**RECORDS TO USE:**
========================================================================
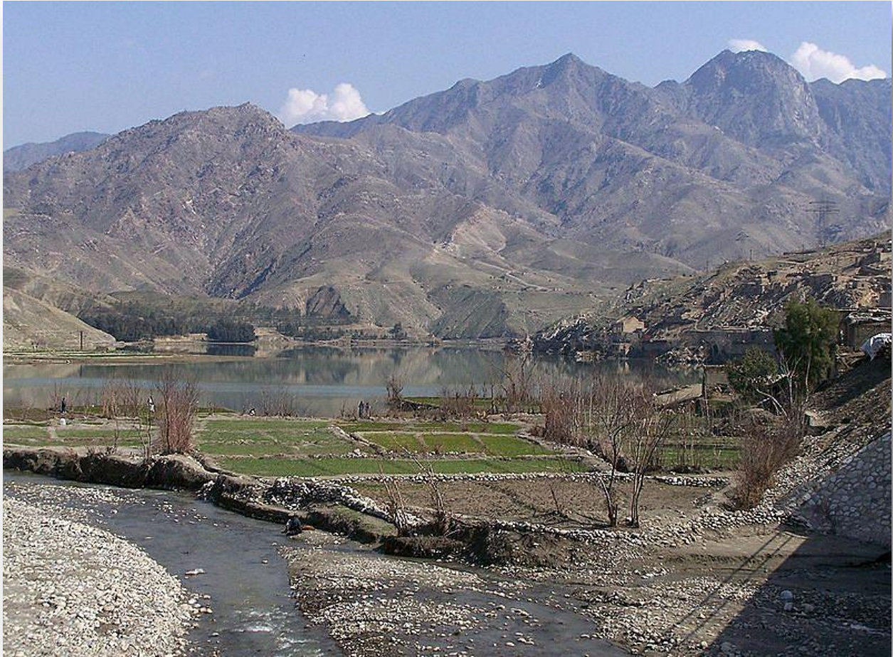
Figure 3: Kabul River in Surobi, Afghanistan (2007)

As a transition test case, Laghman province holds significant potential for the following key issues: (1.) progress in capacity for continued economic growth and development; (2.) advances in security and security force training; (3.) strengthening governance, accountability, transparency, and progress in
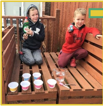
1. Get your equipment ready.
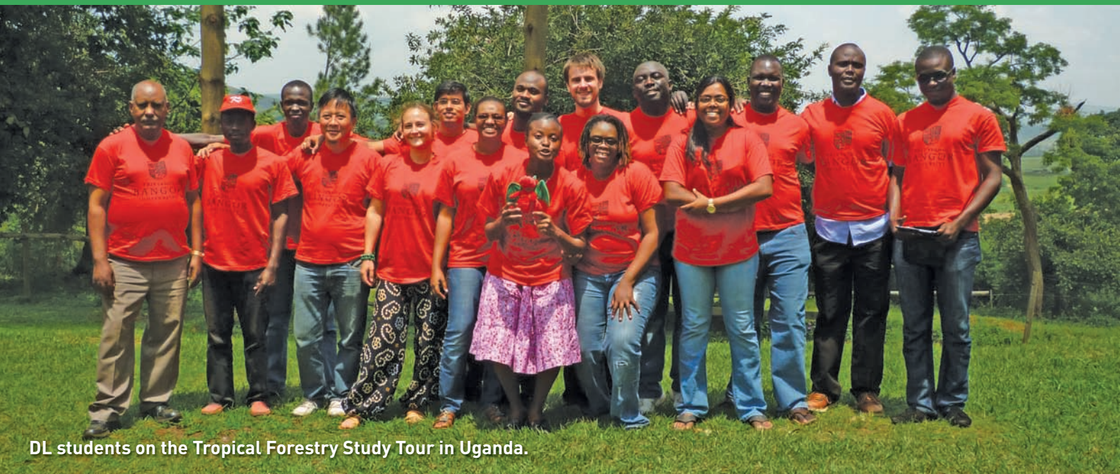
DL students on the Tropical Forestry Study Tour in Uganda.

Attendance at the two-week study tour in July/August is compulsory for all students and is for many one of the highlights of this course. The Management Planning module also includes a residential component and takes place in the second year.
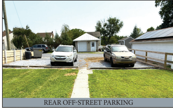
REAR OFF-STREET PARKING
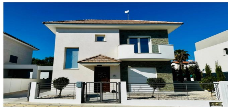
HOUSE TYPE A
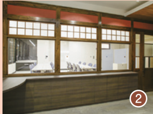
2 1F Clock Studio A workshop where everyone from kids to adults have fun making clocks.
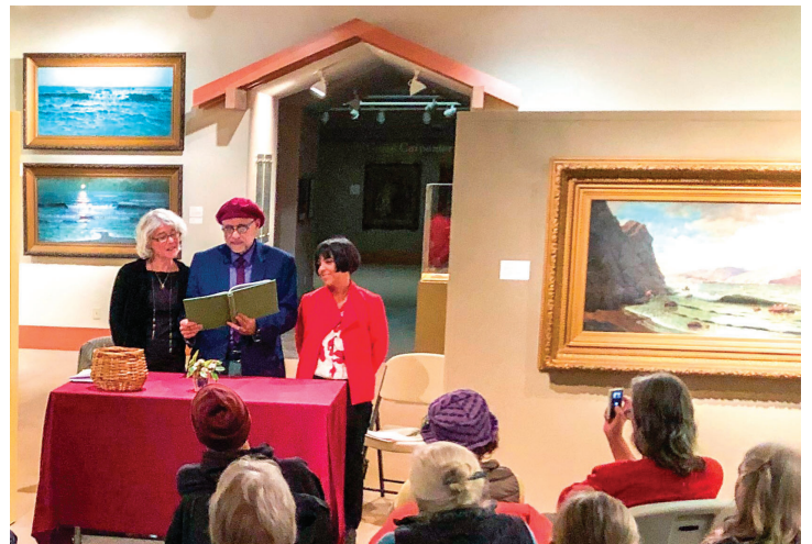
Poetry among the paintings.
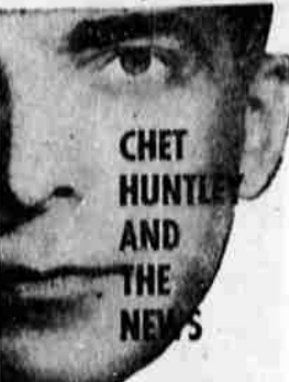
CHET HUNTLEY AND THE NEWS SUNDAYS 8:45 P.M. 1450 KFLW ABC-Radio SPONSORED BY Societe CANDY
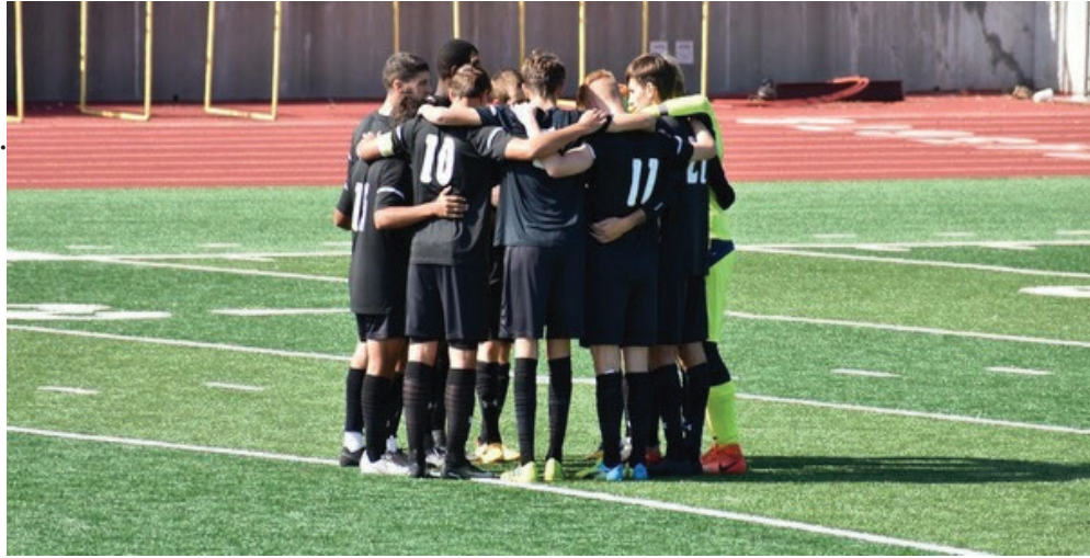
The Pratt Community College men's soccer team huddles together in their final game of the 2018 season.

PCC men's soccer will look to build on their accomplishments in the 2019 season. Stay tuned to gobeaversports.com for all men's soccer related news during the offseason.
========================================================================
**REQUIRED WORK:** Using the records above, extract exactly and only the lines from the one with "2 1F Clock Studio" through the final line, inclusive, leaving out pictures.

**RESPONSE TO THIS EXERCISE:**
2 1F Clock Studio A workshop where everyone from kids to adults have fun making clocks.
Poetry among the paintings.
CHET HUNTLEY AND THE NEWS SUNDAYS 8:45 P.M. 1450 KFLW ABC-Radio SPONSORED BY Societe CANDY
The Pratt Community College men's soccer team huddles together in their final game of the 2018 season.

PCC men's soccer will look to build on their accomplishments in the 2019 season. Stay tuned to gobeaversports.com for all men's soccer related news during the offseason.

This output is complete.